Method for producing a rotor ( 200 ) having the features of claim 13, wherein the rotor ( 200 ) is produced by means of a two-part injection molding process as a two-component injection molding, comprising the method steps: providing a first component consisting of a first material ( 201 . 202 ) of the rotor ( 200 ), and - generating a second component ( 202 . 201 ) of the rotor ( 200 ) by injection of a second material to the first component ( 201 . 202 )
Method for producing a rotor ( 200 ) according to claim 14, wherein the first component ( 201 . 202 ) at least one connection structure ( 250 . 260 ), which during injection of the second component ( 202 . 201 ) is extrusion-coated by its second material in such a way that a form-locking connection between the two components ( 201 . 202 ) is produced.
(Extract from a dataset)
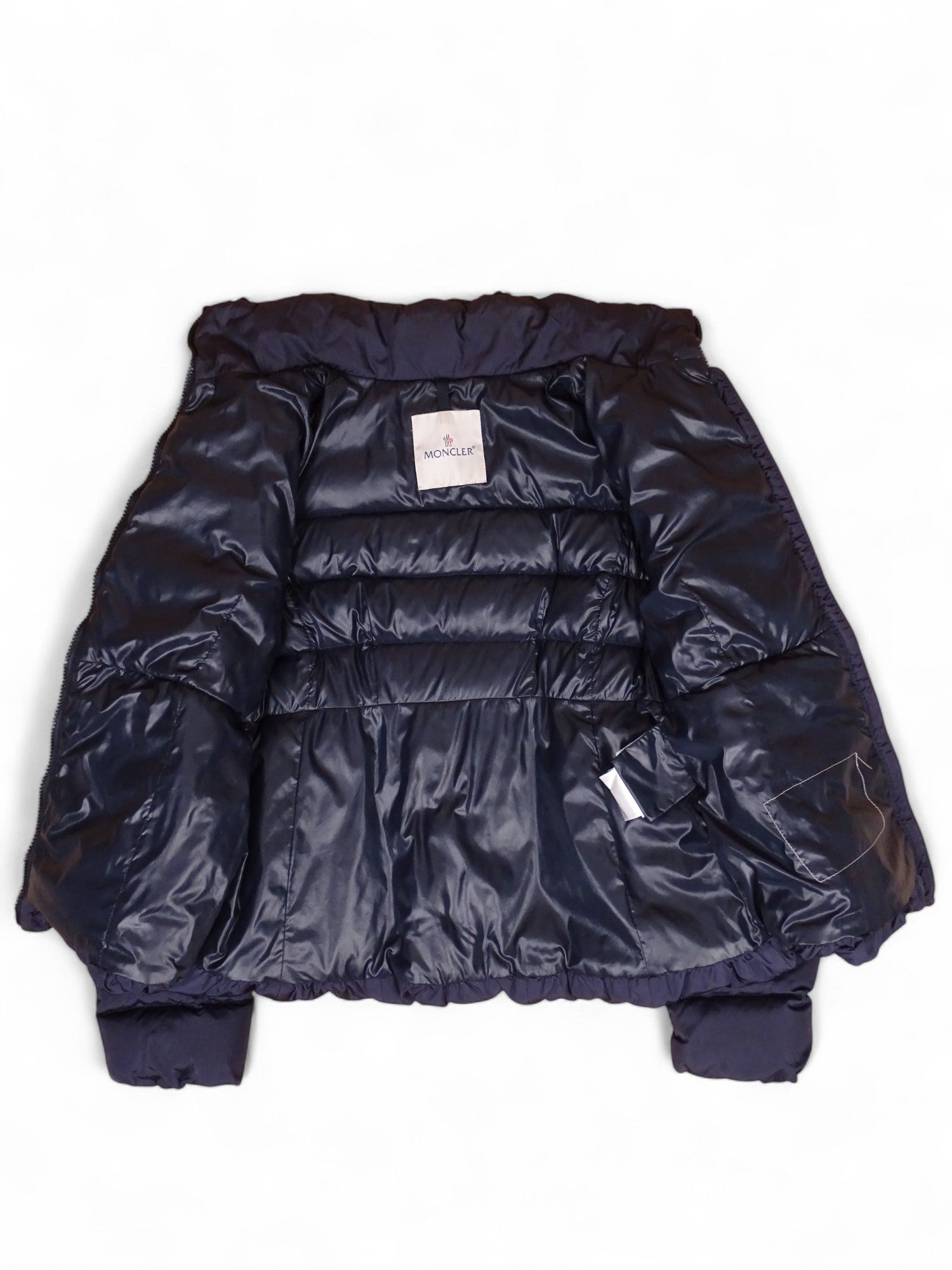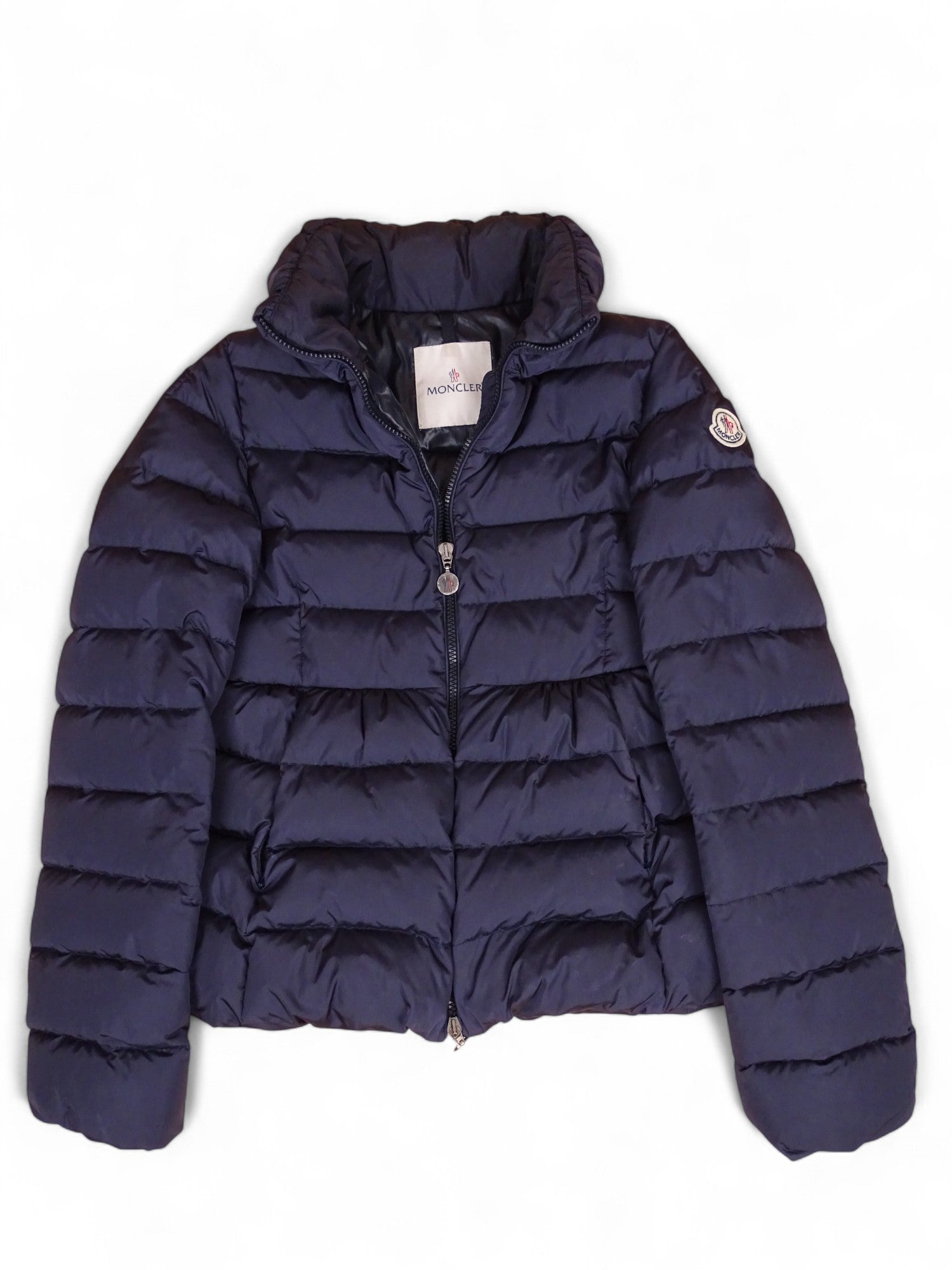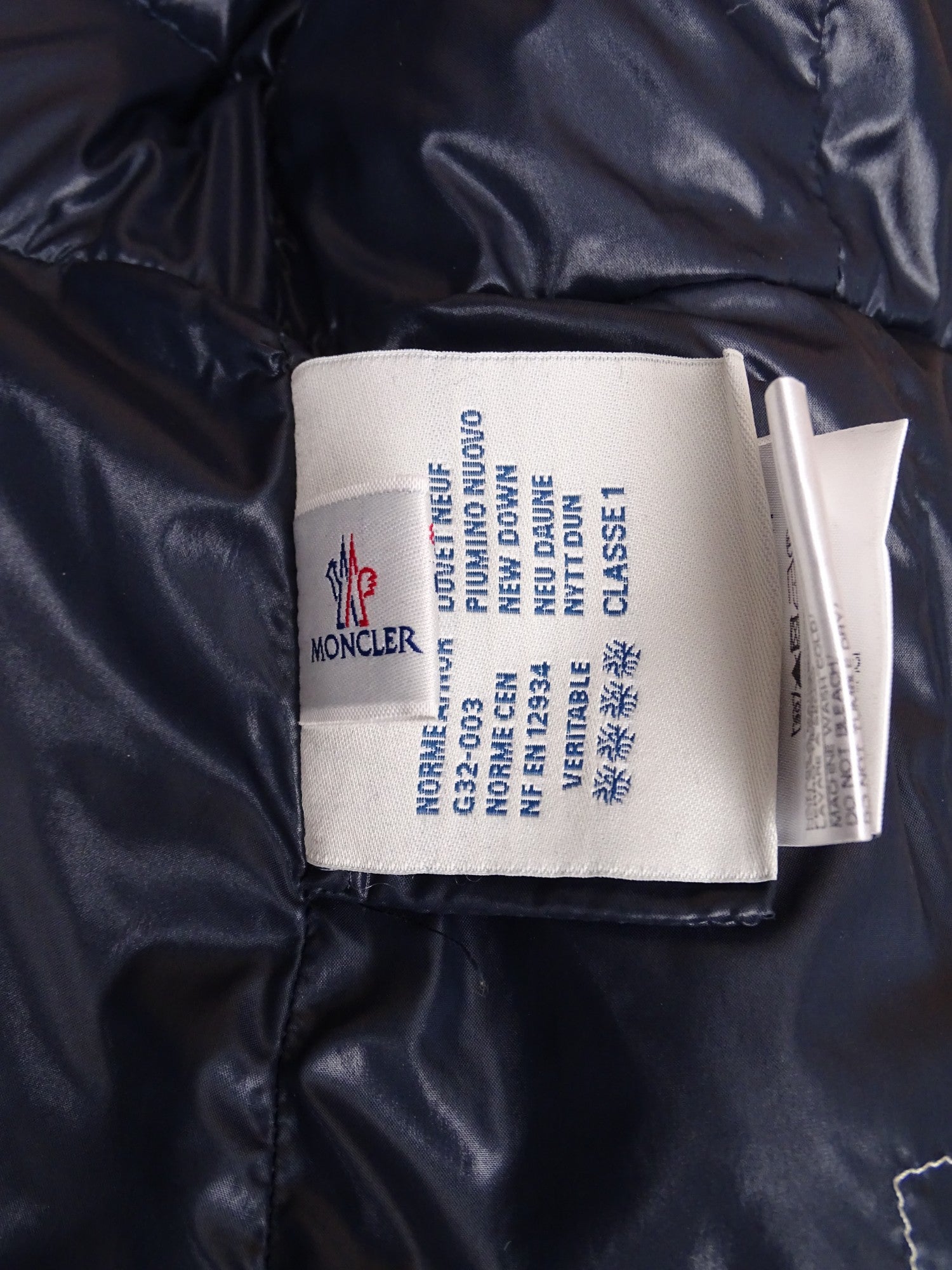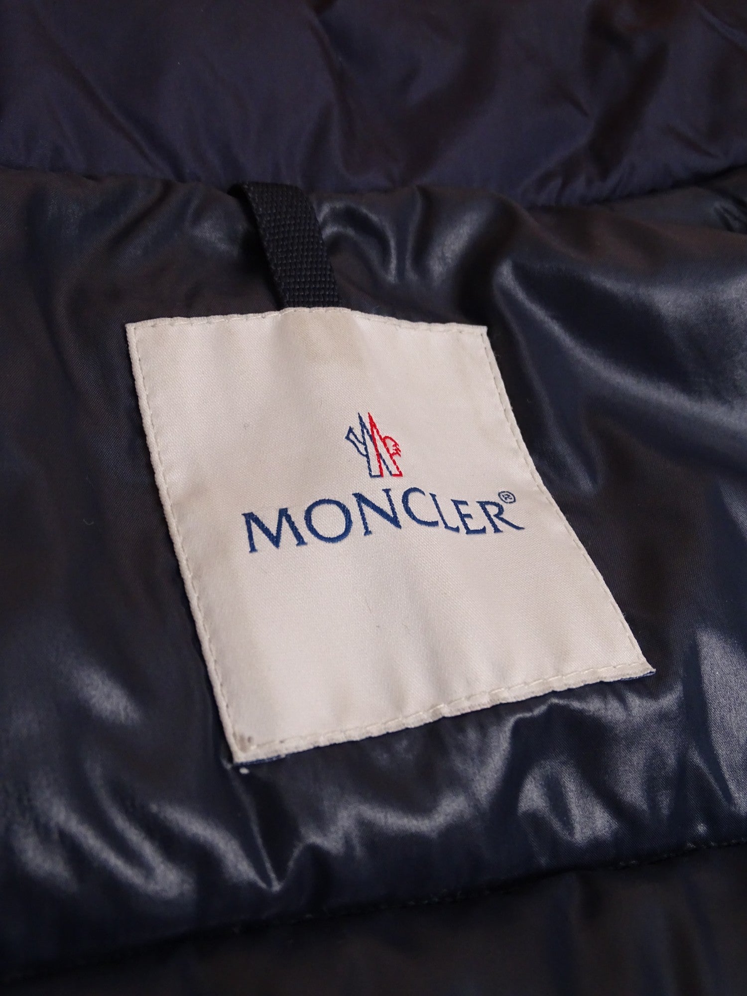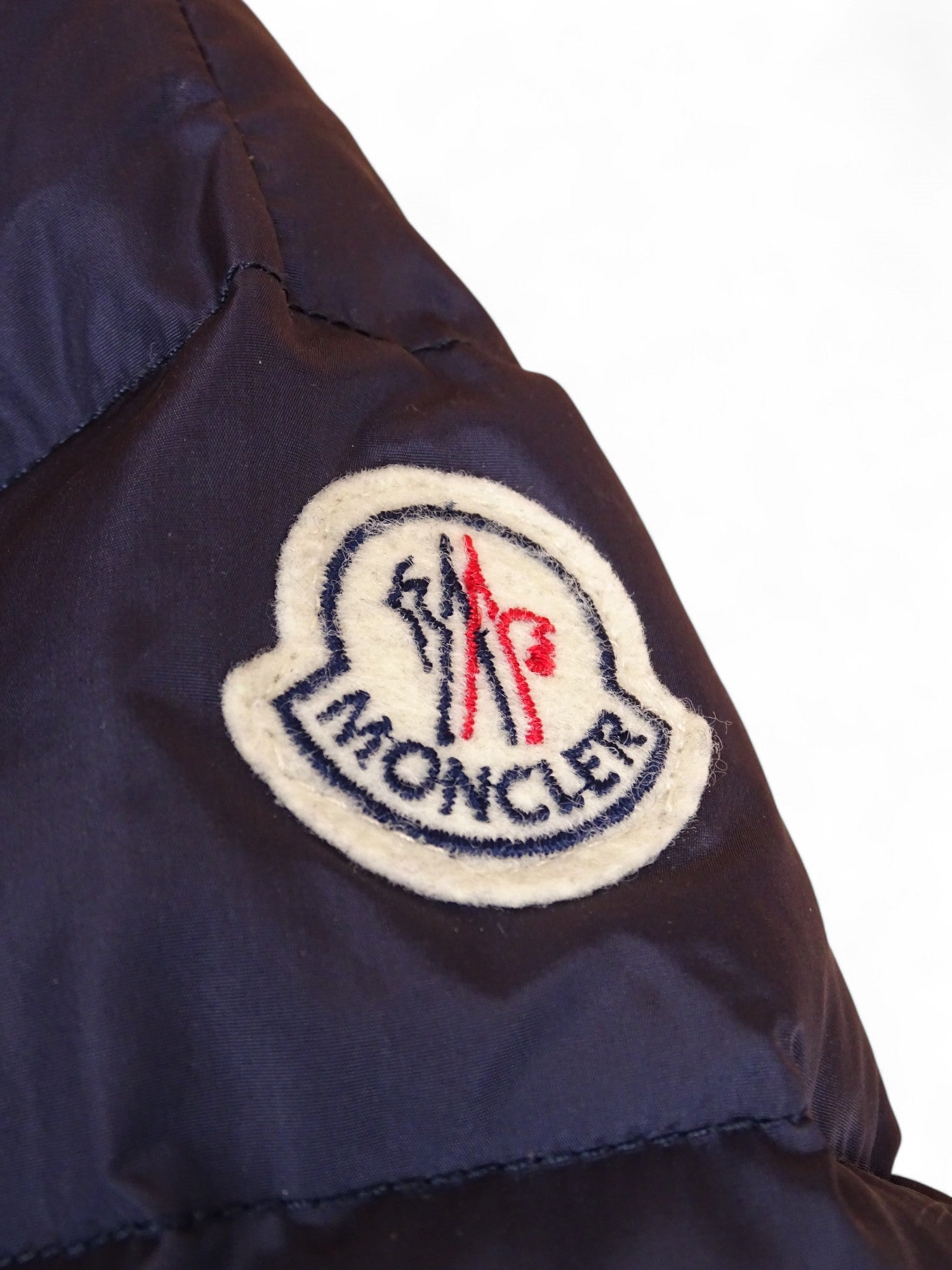 Doudoune Moncler matelassée bleu marine en taille S Femme (étiquette 14 ans). Très bon état, légèrement sale en bas du dos mais facilement nettoyable. Parfait pour une silhouette féminine.
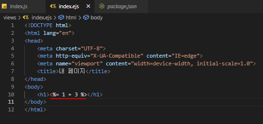 7. index.ejs 파일 안에 html 코드를 작성해준다. (ejs도 결국 html이므로)

A method according to claim 15, wherein the manufacture of the rotor ( 200 ) by means of two injection molds, comprising the steps: - performing a first injection process to produce the first component ( 201 . 202 ) using a first injection molding tool, - inserting the first component ( 201 . 202 ) in a second injection mold, and - performing a second injection process for producing the second component ( 202 . 201 ) using the second injection molding tool.
A method according to claim 16, wherein the manufacture of the rotor ( 200 ) by means of a single injection molding tool, comprising the steps of: - performing a first injection process in a first part of the injection molding tool to produce the first component ( 201 . 202 ), - carrying out a second injection process in a second part of the injection molding tool to produce the second component ( 202 . 201 ).